I'm still fascinated by the psychology and group dynamics that allowed the entire world to do a complete 180 on masks, to completely abandon the scientific method, seek out the weakest of evidence to support our superstitions we embraced out of nowhere.... it really was like a new Dark Age swept over us in 2020. I'm still in awe by it. There's a certain magic of being able to witness this first hand, as I ignorantly assumed we were "better than that". The superstition phase of medicine, whether it was bloodletting, electroshock, lobotomies, mercury elixirs - all of that quackery could never arise again now that we had "science" and EBM to shield us from such irrationality.
It really is remarkable. I truly hope my grandchildren will think I am bullshitting them when I tell them about 2020 someday.
Very well written and clear - thank you! What I love about this one is the description of how a medical study is like a test, it doesn't provide certainty but it updates our priors. What is useful about this is that it allows us to see where the biases are, and, in this case, they're in the 'common sense' section, which pulls current anecdata about mask compliance to state the priors.

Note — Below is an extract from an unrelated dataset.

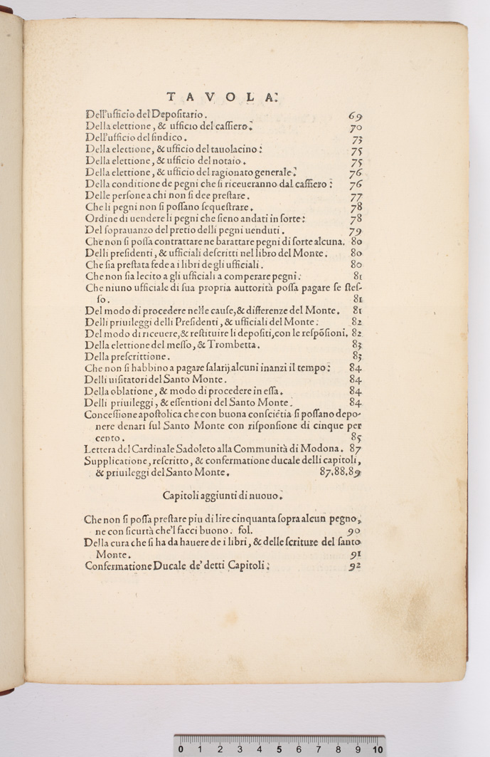punto beige Capitoli, et ordini del Santo Monte di pietà uecchio della città di Modona. (p. 66-94)

And what is clear is Mandrola's priors that "masks don't work" is coming from a place of selective evidence. But this framing is helpful to show that we don't disagree about this study or its conclusions. The bias is in our priors and what we choose to cite for 'common sense.' My "common sense" is the fact that I worked as a hospitalist during the first wave in NYC, wearing only surgical masks for the first week, spending hours in rooms with patients, then n95s until that summer. Mask adherence was high among co-workers. The only healthcare workers I heard of that got sick were those who ate in communal settings in breakrooms. It seems Cochrane's methodology of excluding observational studies is a big mistake here because it seems like those studies should at least inform our priors, even if we take that evidence with a grain of salt.
The challenge with Cochrane reviews, as pointed out by Trish Greenhalgh, is they're insufficient for real world questions and challenges where policymakers may need to make decisions under high uncertainty and may lean toward precaution. Despite my various levels of immunity, in the absence of concrete evidence it seems reasonable to err on the side of caution and wear masks in certain settings. I still do because the risk of harm (to myself or others) is low while the possibility of benefit (to myself and others) seems to outweigh that.

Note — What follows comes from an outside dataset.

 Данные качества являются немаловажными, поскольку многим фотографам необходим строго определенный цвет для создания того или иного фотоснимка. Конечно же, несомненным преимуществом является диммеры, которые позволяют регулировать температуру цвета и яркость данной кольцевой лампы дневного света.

What is worse is that this debate is playing out publicly. I appreciate Mandrola's nuanced take here, and the nuance of the study authors. But the problems arise in the press. Bloomberg, for example, dedicated their health newsletter to the issue this morning, and their takeaway was "masks don't work," framing a looming controversy with how long can Hong Kong's mask policy hold out since masks aren't shown to work?
The nuance, uncertainty and priors are lost in the translation from dissecting the study on its merits to the reporting on it in the press. And, what follows is the propagation of misinformation - overstating the conclusions of a study when even the study authors were quite circumspect and nuanced in how they reported it.

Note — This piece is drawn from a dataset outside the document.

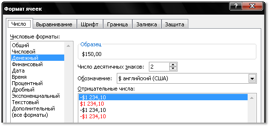1.2. В ячейке H2 установите денежный формат с обозначением $ и числом десятичных знаков – 2:

I struggle with this because this is exactly what we should be doing as scientists - debating the science, being transparent about our priors and how much any new study should update those. But channels are getting crossed as we debate this publicly and nuance is lost in translation, making the issue even more political. Which raises the questions, is this the proper place for this debate? Or is it better suited for a medical journal?